我用 Python 做了一个轻松爬取各大网站文章并输出为 Markdown 的工具！

最新推荐文章于 2024-12-29 10:13:54 发布

程序员小八

最新推荐文章于 2024-12-29 10:13:54 发布

阅读量1k

点赞数 16

文章标签： python 开发语言前端 web安全

本文链接：https://blog.csdn.net/z099164/article/details/135240989

版权

前言

最近摸鱼看技术文章的时候，突然想到了两个需求，想与大家分享一下：

爬取各大技术网站的文章，转化为 Markdown 格式，防止文章由于不明原因下架。这样可以在本地保存一些高质量文章。
整理自己过去发布的文章。（我之前写的一些文章并没有在本地备份）

说干就干，我用了几个小时，编写并发布了一个文章爬取工具：Article Crawler，

接下来，我给大家分享一下我的制作过程！

需求分析与技术选型

对于爬取类的需求来说，我毫不犹豫地选择了 Python 来编写代码，毕竟一提到爬虫，大家第一反应就是 Python。它确实很方便，提供了很多方便快捷的包。

我们首先拆解一下需求，来确定最终需要使用的 Python 包。

从某个网站中爬取文章，需要定位文章的位置。网站中除了文章信息之外，可能还有推荐信息、作者信息、广告信息等。因此，我们需要将整个网站内容爬取下来，并从中搜索得出文章的内容。
将 HTML 文章内容转换 Markdown 格式，并输出到本地指定目录中。

对于第一个需求，我们使用 request 与 BeautifulSoup 包。

使用 request 包向指定网站发送请求，获取其 HTML 内容。
使用 BeautifulSoup 包在指定 HTML 内容中，查找对应的文章内容。

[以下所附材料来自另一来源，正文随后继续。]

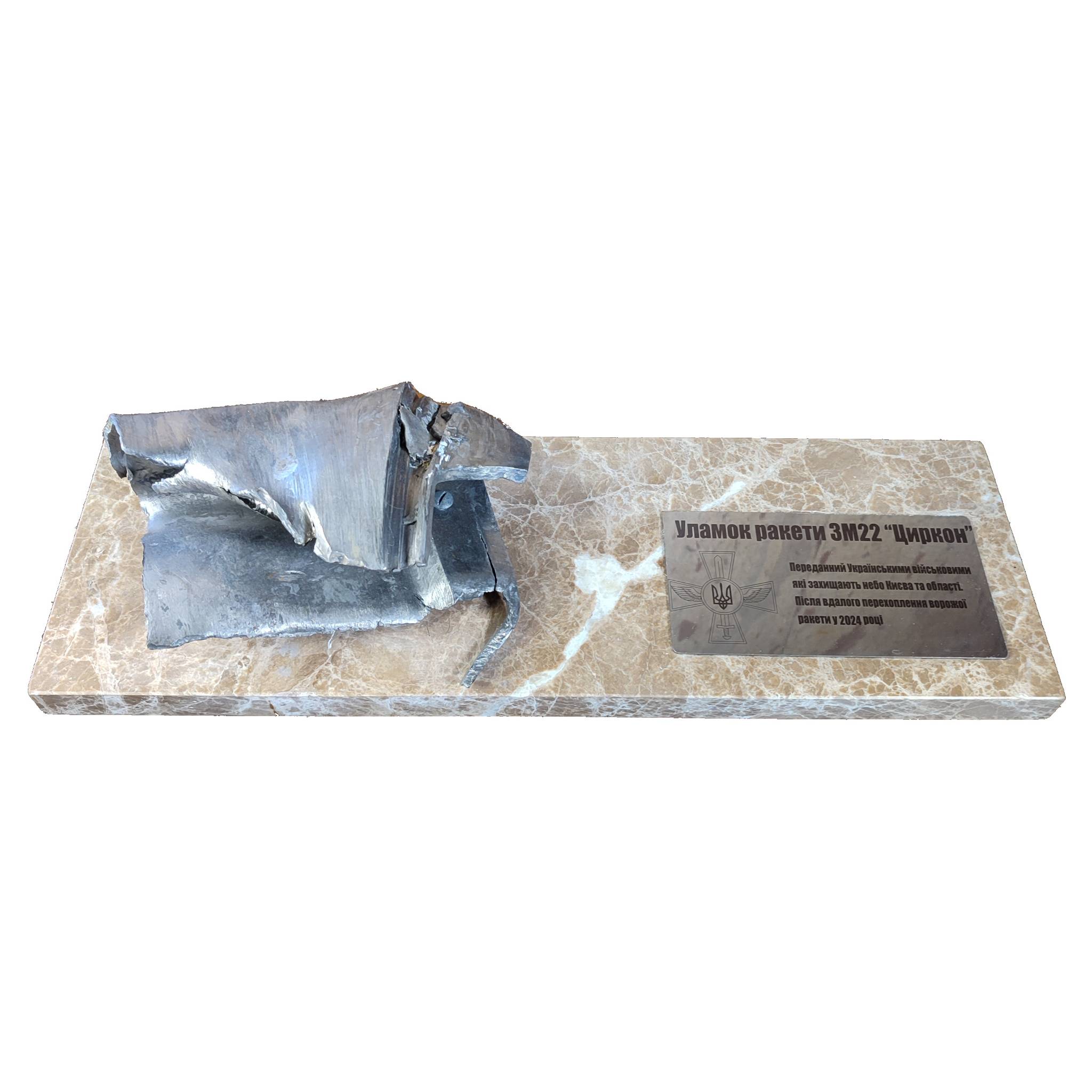 Унікальний лот – уламок збитої над Києвом ракети ЗМ22 Циркон. Ця ракета є гіперзвуковою крилатою ракетою. Циркон задуманий як багатофункціональний засіб для ураження різних цілей. Циркон відрізняється високою швидкістю, яка може досягати 9 махів. Це робить її однією з найшвидших ракет, які існують на сьогоднішній день. Відомо, що Циркон може бути запущений з різних платформ: підводних човнів, надводних кораблів і навіть з берега. Вперше про можливе застосування Циркону стало відомо під час російського нападу на Україну. 29 грудня 2023 року під час чергового масованого ракетного удару вперше було застосовано ракету «Циркон», фрагменти ракети було знайдено у Запоріжжі. 7 лютого 2024 року після ракетного обстрілу у Києві було виявлено фрагменти з маркуванням 3М22. Ракетою було пошкоджено пішохідну доріжку та високовольтний кабель. На місці детонації залишилась велика вирва. 12 лютого 2024 року Київський науково-дослідний інститут судових експертиз підтвердив бойове застосування ракети «Циркон» по місту Київ. 25 березня 2024 року над Києвом українською ППО було збито дві ракети «Циркон», уламки яких пошкодили будівлю у Печерському районі і зруйнували частину будівлі Академії декоративно-прикладного мистецтва і дизайну імені М. Бойчука, внаслідок чого було поранено викладачку-методистку академії. За даними телеграм-каналу Monitor, ракети подолали шлях у 580 кілометрів до Києва за три хвилини.

Beautiful Soup 是一个可以从 HTML 或 XML 文件中提取数据的 Python 库。它能够通过你喜欢的转换器实现惯用的文档导航 / 查找 / 修改文档的方式。Beautiful Soup 会帮你节省数小时甚至数天的工作时间。

对于第二个需求，我们使用 html2text 包。

使用 html2text 包，将指定的 HTML 文章内容，渲染为对应的 Markdown 格式。

总结技术栈如下：

技术栈	作用
request	向指定网站发送请求，获取 HTML 内容
BeautifulSoup (bs4)	快速从 HTML 内容中依据指定条件查找内容
html2text	将指定的 HTML 内容染为 Markdown 格式

实现方案

实现流程图如下：

whiteboard_exported_image (19).png

对于这一系列流程，我将其抽象为一个类 ArticleCrawler。

具体代码位于 article_crawler/article_crawler.py 文件中

其初始化 __init__ 方法如下：

def __init__(self, url, output_folder, tag, class_, id=''):
    self.url = url
    self.headers = {
        'user-agent': random.choice(USER_AGENT_LIST)
    }
    self.tag = tag
    self.class_ = class_
    self.id = id
    self.html_str = html_str
    if not os.path.exists(output_folder):
        os.makedirs(output_folder)
        print(f"{output_folder} does not exist, automatically create...")
    self.output_folder = output_folder

url：指定网站地址
output_folder：输出目录
tag / class_ / id：用于定位文章在网站中所处的位置。
- 举个🌰，我们通过 F12 打开网站控制台，定位文章被该标签包裹：<div id="article_content" class="article_content clearfix"></div>
  
  在这里，对应的 tag 为 div，class_ 为 article_content clearfix，id 为 article_content。

类中主要包含如下 3 个方法：

send_request：向指定网站发送请求，获取其 HTML 内容。

def send_request(self, url):
    response = requests.get(url=url, headers=self.headers)
    response.encoding = "utf-8"
    if response.status_code == 200:
        return response

parse_detail：通过 BeautifulSoup 定位文章位置，获取到对应的 HTML 内容。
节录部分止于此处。